[R-390] OT(just a bit): From whence cometh the grid current?

[David Wise]

Voltage dividers present to their load, an impedance
equal to the top and bottom in parallel.  See

http://en.wikipedia.org/wiki/Th%C3%A9venin%27s_theorem .

Dave Wise 

-----Original Message-----
From: r-390-bounces at mailman.qth.net [mailto:r-390-bounces at mailman.qth.net] On Behalf Of Barry
Sent: Monday, June 08, 2009 11:06 AM
To: r-390 at mailman.qth.net
Subject: [R-390] OT(just a bit): From whence cometh the grid current?

I have an HP-606A that I'm checking over and have found the voltage on the 
screen grid of one of the 6AW8A amplifiers in the power supply is off (low) 
a bit.  The voltage is supplied to the screen grid via a voltage divider 
from B+ that consists of a 1.2M and a 100K resistor from B+ (500V) to 
ground.  With a 500V supply and nothing else connected, this theoritically 
gives 38V at the junction of these two resistors.

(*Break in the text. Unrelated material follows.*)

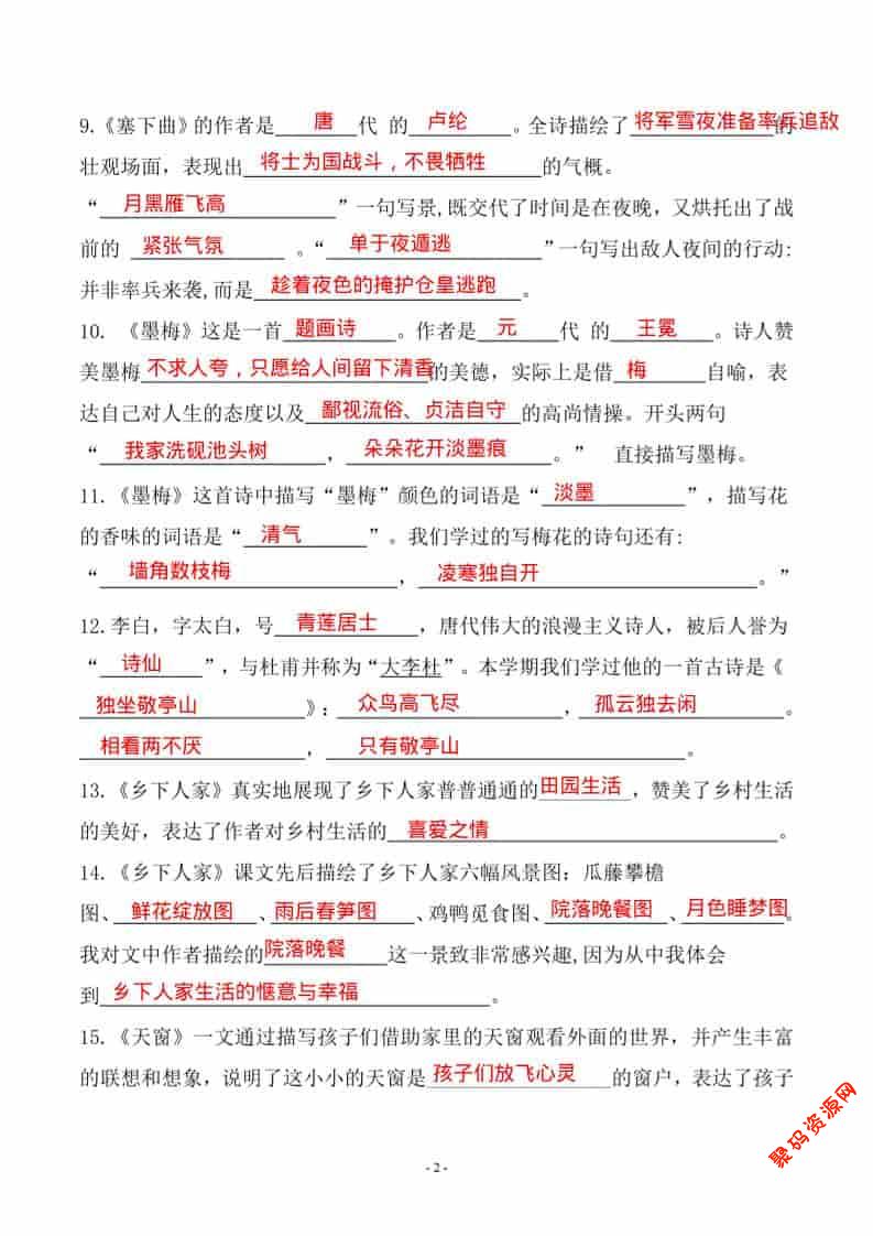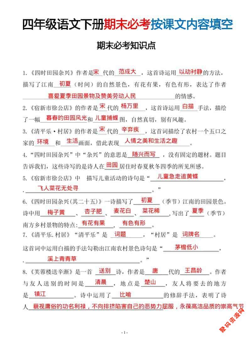 聚码网 四年级 四年级下语文期末常考易考课文古诗词填空 http://www.appstore168.com/119192.html

If I unplug the tube and measure the voltage at the screen grid pin, I get 
close to 38V; however, when I plug in the tube, it drops to about 32V.

My question is where is the grid current coming from?  Is it coming from 
ground up through the 100K or from B+ down through the 1.2M?  I assume it 
draws it from ground because as little as 1mA would drop a significant 
amount of voltage through that 1.2M resistor.